Peptide Tribulations in GtoPdb
Peptide Tribulations in GtoPdbPeptide Tribulations in GtoPdb
Peptide Tribulations in GtoPdb
 
Patents in PubChem
Patents in PubChemPatents in PubChem
Patents in PubChem
 

Recently uploaded

Behavioral Disorder: Schizophrenia & it's Case Study.pdf
Behavioral Disorder: Schizophrenia & it's Case Study.pdfBehavioral Disorder: Schizophrenia & it's Case Study.pdf
Behavioral Disorder: Schizophrenia & it's Case Study.pdfSELF-EXPLANATORY
 
Recombination DNA Technology (Nucleic Acid Hybridization )
Recombination DNA Technology (Nucleic Acid Hybridization )Recombination DNA Technology (Nucleic Acid Hybridization )

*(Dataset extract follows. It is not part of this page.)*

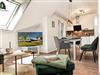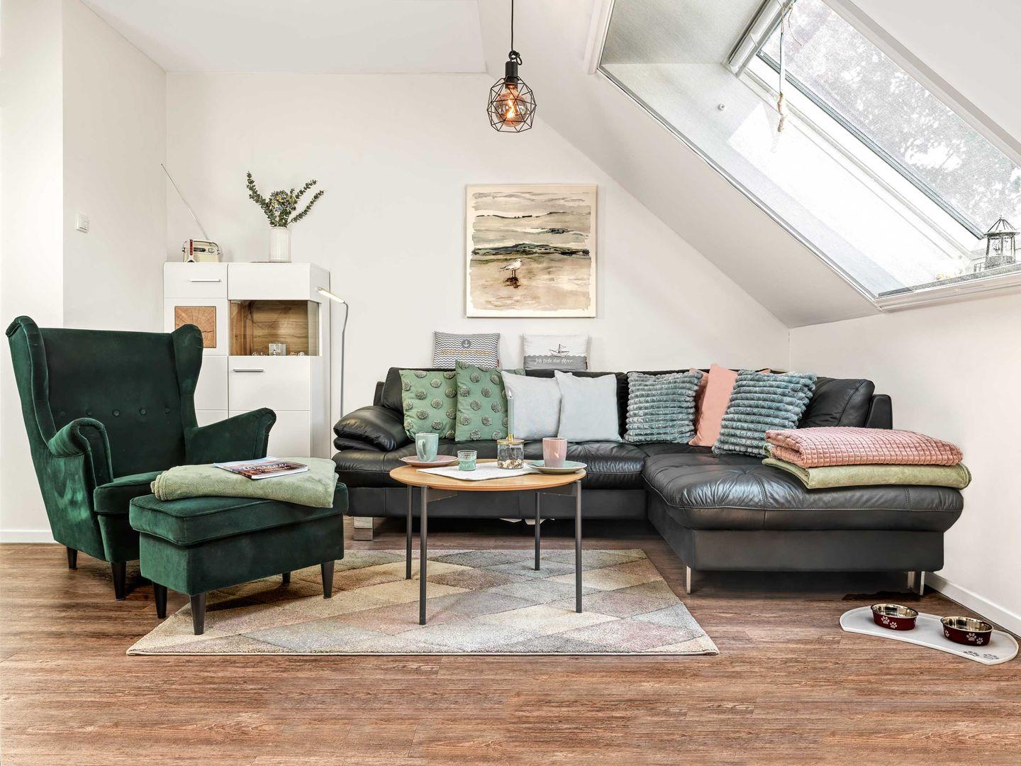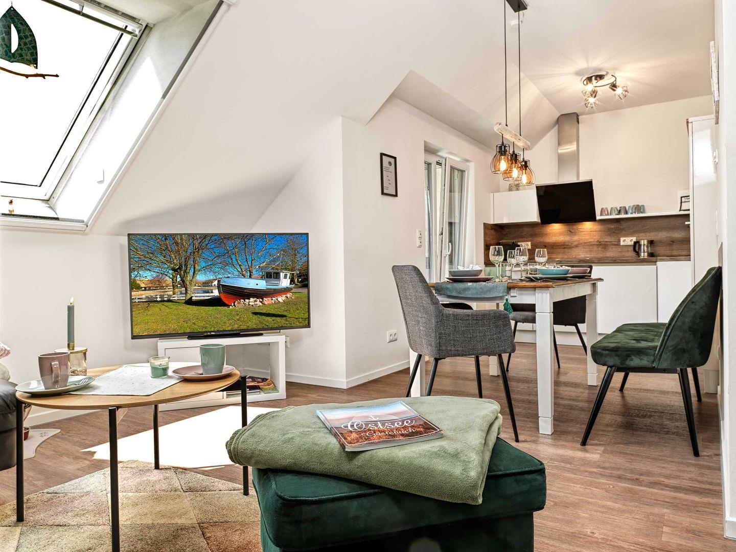 Das helle, freundliche Wohnzimmer mit offener Küche, Ess- und Wohnbereich verfügt über eine Sofaecke mit TV für einen gemütlichen Abend.

Recombination DNA Technology (Nucleic Acid Hybridization )aarthirajkumar25
 
zoogeography of pakistan.pptx fauna of Pakistan
zoogeography of pakistan.pptx fauna of Pakistanzoogeography of pakistan.pptx fauna of Pakistan
zoogeography of pakistan.pptx fauna of Pakistanzohaibmir069
 
Biopesticide (2).pptx .This slides helps to know the different types of biop...

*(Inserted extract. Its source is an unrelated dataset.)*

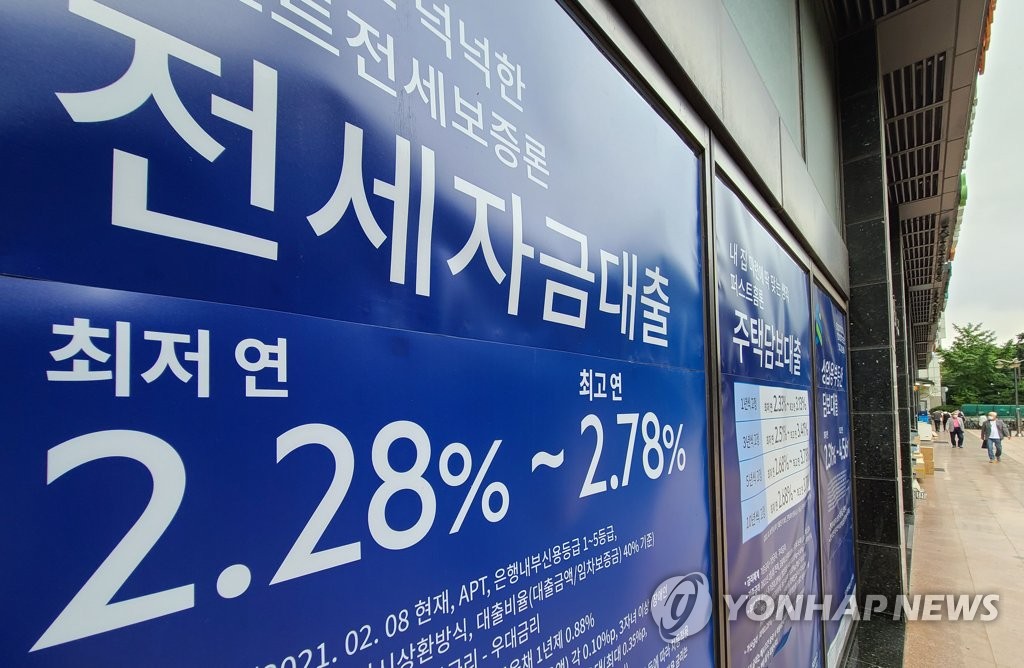 | ▲ This file photo, taken Aug. 26, 2021, shows a sign about household loan programs that was put up at the exterior of a bank in Seoul. (Yonhap) |

Biopesticide (2).pptx  .This slides helps to know the different types of biop...Biopesticide (2).pptx  .This slides helps to know the different types of biop...

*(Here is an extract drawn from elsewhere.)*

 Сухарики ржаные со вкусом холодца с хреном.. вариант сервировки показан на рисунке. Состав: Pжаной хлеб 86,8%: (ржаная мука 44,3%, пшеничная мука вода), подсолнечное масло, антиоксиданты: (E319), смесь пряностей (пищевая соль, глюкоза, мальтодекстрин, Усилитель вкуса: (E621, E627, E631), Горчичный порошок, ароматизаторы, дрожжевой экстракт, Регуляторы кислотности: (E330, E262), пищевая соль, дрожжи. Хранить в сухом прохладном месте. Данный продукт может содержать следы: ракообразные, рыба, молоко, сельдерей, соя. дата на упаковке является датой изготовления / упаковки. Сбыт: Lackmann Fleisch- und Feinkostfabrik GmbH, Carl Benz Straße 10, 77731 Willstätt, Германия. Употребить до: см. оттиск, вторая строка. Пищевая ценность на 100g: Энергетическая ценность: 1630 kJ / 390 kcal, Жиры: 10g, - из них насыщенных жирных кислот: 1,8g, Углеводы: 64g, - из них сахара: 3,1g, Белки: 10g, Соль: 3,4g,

Biopesticide (2).pptx .This slides helps to know the different types of biop...RohitNehra6
 
Natural Polymer Based Nanomaterials
Natural Polymer Based NanomaterialsNatural Polymer Based Nanomaterials
Natural Polymer Based NanomaterialsAArockiyaNisha
 
Hubble Asteroid Hunter III. Physical properties of newly found asteroids
Hubble Asteroid Hunter III. Physical properties of newly found asteroidsHubble Asteroid Hunter III. Physical properties of newly found asteroids
Hubble Asteroid Hunter III. Physical properties of newly found asteroidsSérgio Sacani
 
Scheme-of-Work-Science-Stage-4 cambridge science.docx
Scheme-of-Work-Science-Stage-4 cambridge science.docxScheme-of-Work-Science-Stage-4 cambridge science.docx
Scheme-of-Work-Science-Stage-4 cambridge science.docxyaramohamed343013
 
Call Girls in Munirka Delhi 💯Call Us 🔝8264348440🔝
Call Girls in Munirka Delhi 💯Call Us 🔝8264348440🔝Call Girls in Munirka Delhi 💯Call Us 🔝8264348440🔝
Call Girls in Munirka Delhi 💯Call Us 🔝8264348440🔝soniya singh
 
Orientation, design and principles of polyhouse
Orientation, design and principles of polyhouseOrientation, design and principles of polyhouse
Orientation, design and principles of polyhousejana861314
 
STERILITY TESTING OF PHARMACEUTICALS ppt by DR.C.P.PRINCE
STERILITY TESTING OF PHARMACEUTICALS ppt by DR.C.P.PRINCESTERILITY TESTING OF PHARMACEUTICALS ppt by DR.C.P.PRINCE
STERILITY TESTING OF PHARMACEUTICALS ppt by DR.C.P.PRINCEPRINCE C P
 
Traditional Agroforestry System in India- Shifting Cultivation, Taungya, Home...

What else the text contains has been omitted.